Also, see __include_structure__.

[heading Namespace]

[table
    [[Name]]
    [[`boost::spirit::lit // alias: boost::spirit::qi::lit` ]]
    [[`ns::char_`]]
]

In the table above, `ns` represents a __char_encoding_namespace__. 

[heading Model of]

[:__primitive_parser_concept__]

[variablelist Notation
    [[`c`, `f`, `l`]    [A literal char, e.g. `'x'`, `L'x'` or anything that can be
                        converted to a `char` or `wchar_t`, or a __qi_lazy_argument__ 
                        that evaluates to anything that can be converted to a `char` 
                        or `wchar_t`.]]
    [[`ns`]             [A __char_encoding_namespace__.]]
    [[`cs`]             [A __string__ or a __qi_lazy_argument__ that evaluates to a __string__
                        that specifies a char-set definition string following a syntax
                        that resembles posix style regular expression character sets
                        (except the square brackets and the negation `^` character).]]
    [[`cp`]             [A char parser, a char range parser or a char set parser.]]
]

[heading Expression Semantics]

Semantics of an expression is defined only where it differs from, or is
not defined in __primitive_parser_concept__.

[table
    [[Expression]       [Semantics]]
    [[`c`]              [Create char parser from a char, `c`.]]
    [[`lit(c)`]         [Create a char parser from a char, `c`.]]
    [[`ns::char_`]      [Create a char parser that matches any character in the
                        `ns` encoding.]]
    [[`ns::char_(c)`]   [Create a char parser with `ns` encoding from a char, `c`.]]
    [[`ns::char_(f, l)`][Create a char-range parser that matches characters from
                        range (`f` to `l`, inclusive) with `ns` encoding.]]
    [[`ns::char_(cs)`]  [Create a char-set parser with `ns` encoding from a char-set
                        definition string, `cs`.]]
    [[`~cp`]            [Negate `cp`. The result is a negated char parser that
                        matches any character in the `ns` encoding except the
                        characters matched by `cp`.]]
]

[heading Attributes]

[table
    [[Expression]       [Attribute]]
    [[`c`]              [__unused__ or if `c` is a __qi_lazy_argument__, the character 
                        type returned by invoking it.]]
    [[`lit(c)`]         [__unused__ or if `c` is a __qi_lazy_argument__, the character 
                        type returned by invoking it.]]
    [[`ns::char_`]      [The character type of the __char_encoding_namespace__, `ns`.]]
    [[`ns::char_(c)`]   [The character type of the __char_encoding_namespace__, `ns`.]]
    [[`ns::char_(f, l)`][The character type of the __char_encoding_namespace__, `ns`.]]
    [[`ns::char_(cs)`]  [The character type of the __char_encoding_namespace__, `ns`.]]
    [[`~cp`]            [The attribute of `cp`.]]
]

[heading Complexity]

[:*O(N)*, except for char-sets with 16-bit (or more) characters (e.g.
`wchar_t`).

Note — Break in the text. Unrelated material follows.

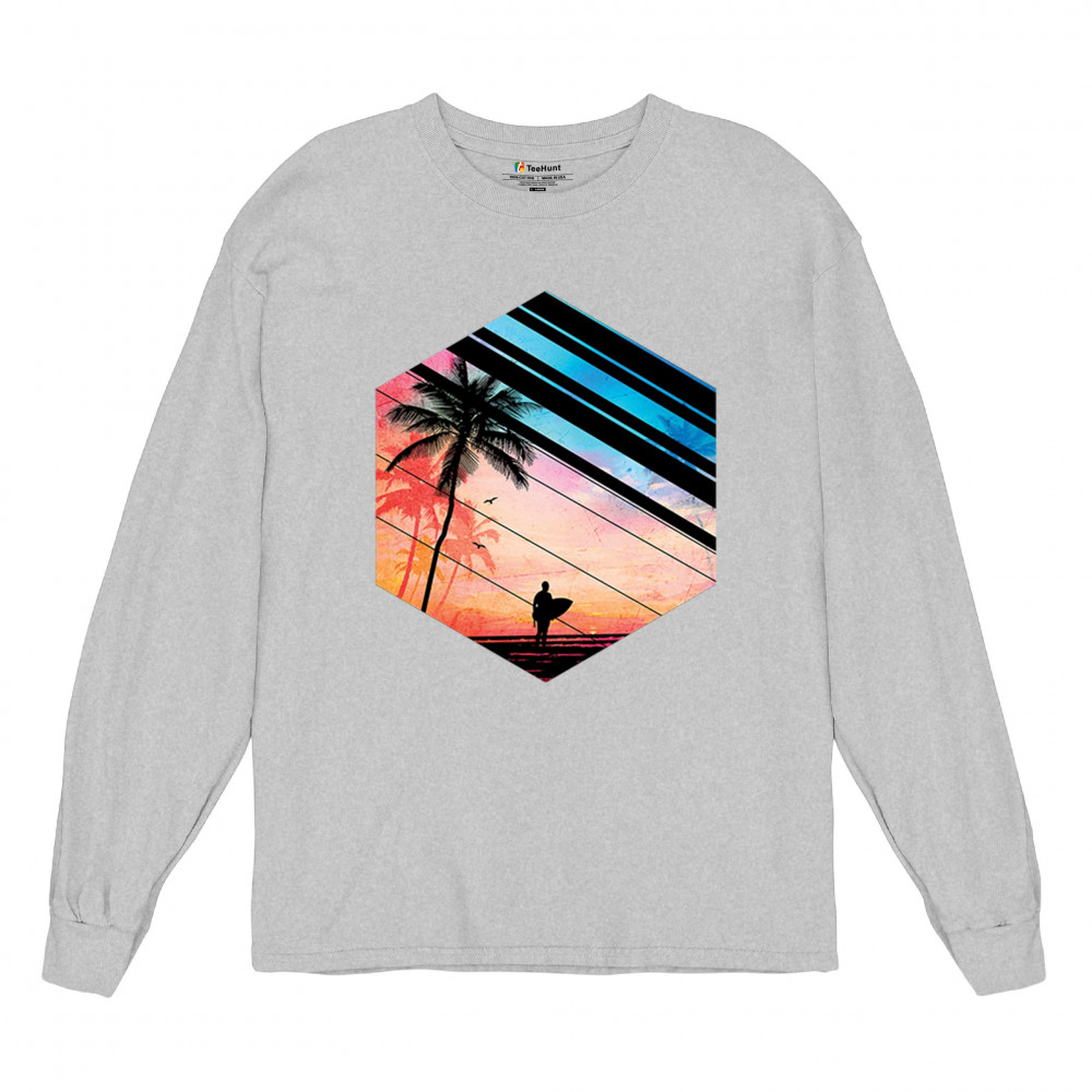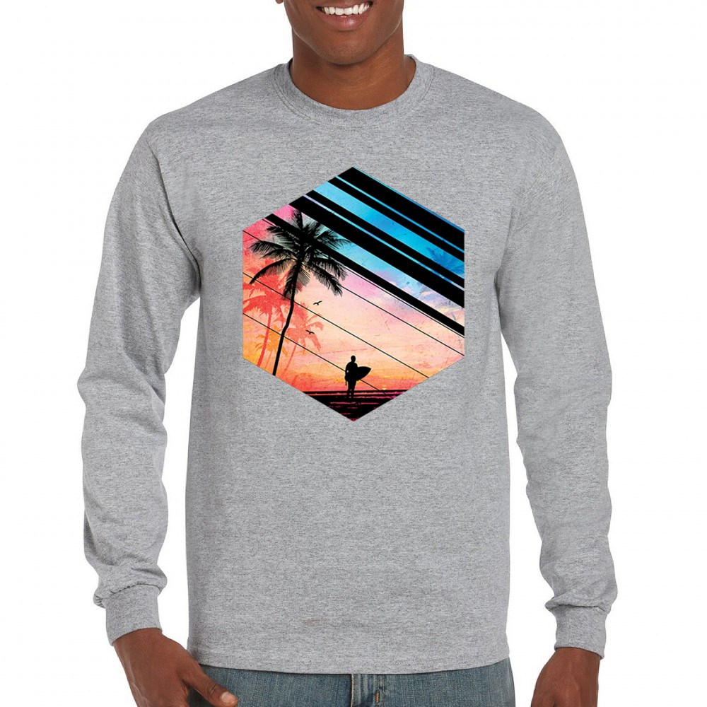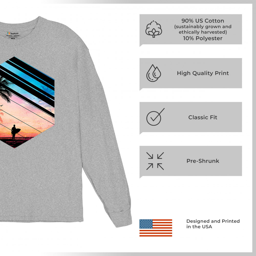 Catch the vibe of endless summer with our surf-inspired tee. Featuring silhouetted palms, warm gradients, and cool geometric shapes, it’s a visual journey from the urban grind to tropical tranquility. This tee is for the soul surfers and dreamers, made to be as enduring as the memories of your last wave. It's more than apparel—it’s a horizon of possibilities. Add this staple to your collection and let the good times roll.

These have *O(log N)* complexity, where N is the number of
distinct character ranges in the set.]

[heading Example]

[note The test harness for the example(s) below is presented in the
__qi_basics_examples__ section.]

Some using declarations:

[reference_using_declarations_lit_char]

Basic literals:

[reference_char_literals]

Range:

[reference_char_range]

Character set:

[reference_char_set]

Lazy char_ using __phoenix__

[reference_char_phoenix]

[endsect] [/ Char]

[/------------------------------------------------------------------------------]
[section:char_class Character Classification Parsers (`alnum`, `digit`, etc.)]

[heading Description]

The library has the full repertoire of single character parsers for
character classification. This includes the usual `alnum`, `alpha`,
`digit`, `xdigit`, etc. parsers. These parsers have an associated
__char_encoding_namespace__. This is needed when doing basic operations
such as inhibiting case sensitivity.

[heading Header]

    // forwards to <boost/spirit/home/qi/char/char_class.hpp>
    #include <boost/spirit/include/qi_char_class.hpp>

Also, see __include_structure__.

[heading Namespace]

[table
    [[Name]]
    [[`ns::alnum`]]
    [[`ns::alpha`]]
    [[`ns::blank`]]
    [[`ns::cntrl`]]
    [[`ns::digit`]]
    [[`ns::graph`]]
    [[`ns::lower`]]
    [[`ns::print`]]
    [[`ns::punct`]]
    [[`ns::space`]]
    [[`ns::upper`]]
    [[`ns::xdigit`]]
]

In the table above, `ns` represents a __char_encoding_namespace__. 

[heading Model of]

[:__primitive_parser_concept__]

[variablelist Notation
    [[`ns`]             [A __char_encoding_namespace__.]]
]

[heading Expression Semantics]

Semantics of an expression is defined only where it differs from, or is
not defined in __primitive_parser_concept__.

[table
    [[Expression]       [Semantics]]
    [[`ns::alnum`]      [Matches alpha-numeric characters]]
    [[`ns::alpha`]      [Matches alphabetic characters]]
    [[`ns::blank`]      [Matches spaces or tabs]]
    [[`ns::cntrl`]      [Matches control characters]]
    [[`ns::digit`]      [Matches numeric digits]]
    [[`ns::graph`]      [Matches non-space printing characters]]
    [[`ns::lower`]      [Matches lower case letters]]
    [[`ns::print`]      [Matches printable characters]]
    [[`ns::punct`]      [Matches punctuation symbols]]
    [[`ns::space`]      [Matches spaces, tabs, returns, and newlines]]
    [[`ns::upper`]      [Matches upper case letters]]
    [[`ns::xdigit`]     [Matches hexadecimal digits]]
]

[heading Attributes]

[:The character type of the __char_encoding_namespace__, `ns`.]

[heading Complexity]

[:O(N)]

[heading Example]

[note The test harness for the example(s) below is presented in the
__qi_basics_examples__ section.]

Some using declarations:

[reference_using_declarations_char_class]

Basic usage:

[reference_char_class]

[endsect] [/ Char Classification]

[endsect]